START Data below

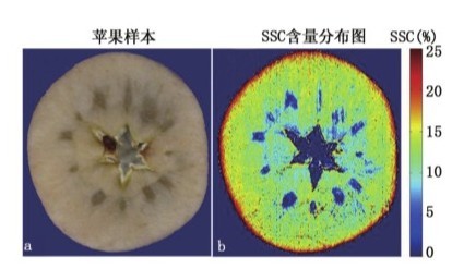 Рисунок 7 - a: Образец яблока; b: Результат отображения SSC (содержания растворимых сухих веществ), где участки яблока, находящиеся ближе к кожуре, имеют более высокие значения SSC по сравнению с центральными частями.
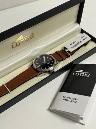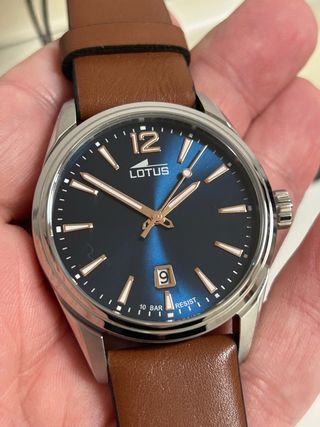 Elegante reloj Lotus con esfera azul y correa de cuero marrón. - Caja de acero inoxidable. - Esfera azul. - Correa de cuero marrón. - Indicador de fecha. - Resistencia al agua de 10 BAR. - Incluye caja original y garantía. - 100% original.
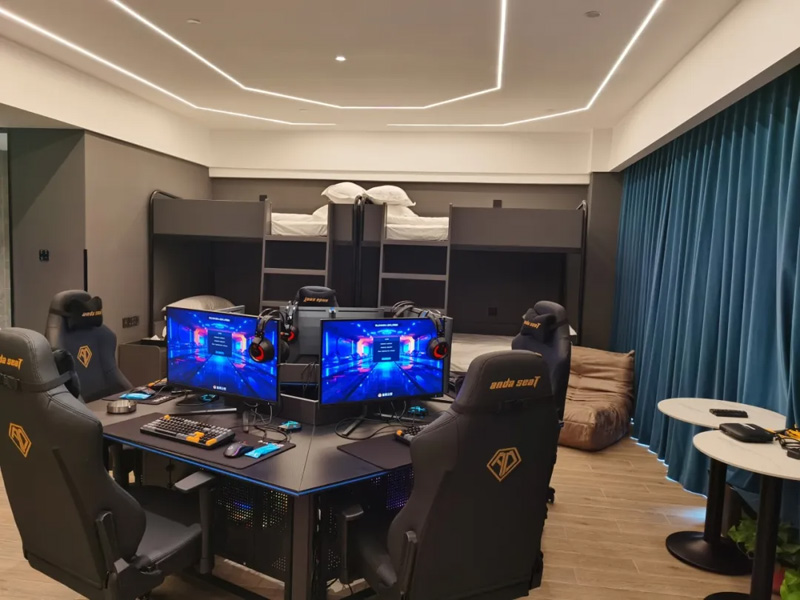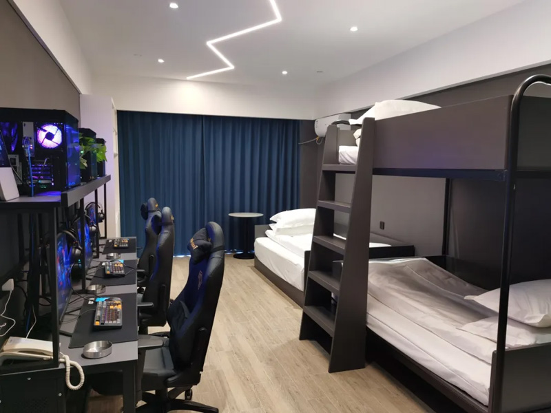 KK電競(jìng)酒店既有70后、80后的懷舊,又有90后、00后的輕奢。一樓懷舊區(qū)配置街機(jī)、小霸王游戲機(jī)、PS4等游戲設(shè)備供各年齡段客戶免費(fèi)體驗(yàn),電競(jìng)教室可同時(shí)容納30人開(kāi)展電競(jìng)比賽,目前已組織開(kāi)展王者榮耀邀請(qǐng)賽、CS GO精英邀請(qǐng)賽、無(wú)畏契約精英邀請(qǐng)賽,吸引300余人參與。為滿足年輕客戶的不同需求,酒店一至三層設(shè)置電競(jìng)雙人房、三人房、四人房、豪華五人房等房型共30間,房間內(nèi)配有高配置電腦及迷你食品飲料吧服務(wù),另有國(guó)內(nèi)外單機(jī)、網(wǎng)絡(luò)游戲等。

END Data below

Your objective: Please set down the whole listing exactly, apart from the pictures.

Result of the exercise:
 Рисунок 7 - a: Образец яблока; b: Результат отображения SSC (содержания растворимых сухих веществ), где участки яблока, находящиеся ближе к кожуре, имеют более высокие значения SSC по сравнению с центральными частями.
 Elegante reloj Lotus con esfera azul y correa de cuero marrón. - Caja de acero inoxidable. - Esfera azul. - Correa de cuero marrón. - Indicador de fecha. - Resistencia al agua de 10 BAR. - Incluye caja original y garantía. - 100% original.
 KK電競(jìng)酒店既有70后、80后的懷舊,又有90后、00后的輕奢。一樓懷舊區(qū)配置街機(jī)、小霸王游戲機(jī)、PS4等游戲設(shè)備供各年齡段客戶免費(fèi)體驗(yàn),電競(jìng)教室可同時(shí)容納30人開(kāi)展電競(jìng)比賽,目前已組織開(kāi)展王者榮耀邀請(qǐng)賽、CS GO精英邀請(qǐng)賽、無(wú)畏契約精英邀請(qǐng)賽,吸引300余人參與。為滿足年輕客戶的不同需求,酒店一至三層設(shè)置電競(jìng)雙人房、三人房、四人房、豪華五人房等房型共30間,房間內(nèi)配有高配置電腦及迷你食品飲料吧服務(wù),另有國(guó)內(nèi)外單機(jī)、網(wǎng)絡(luò)游戲等。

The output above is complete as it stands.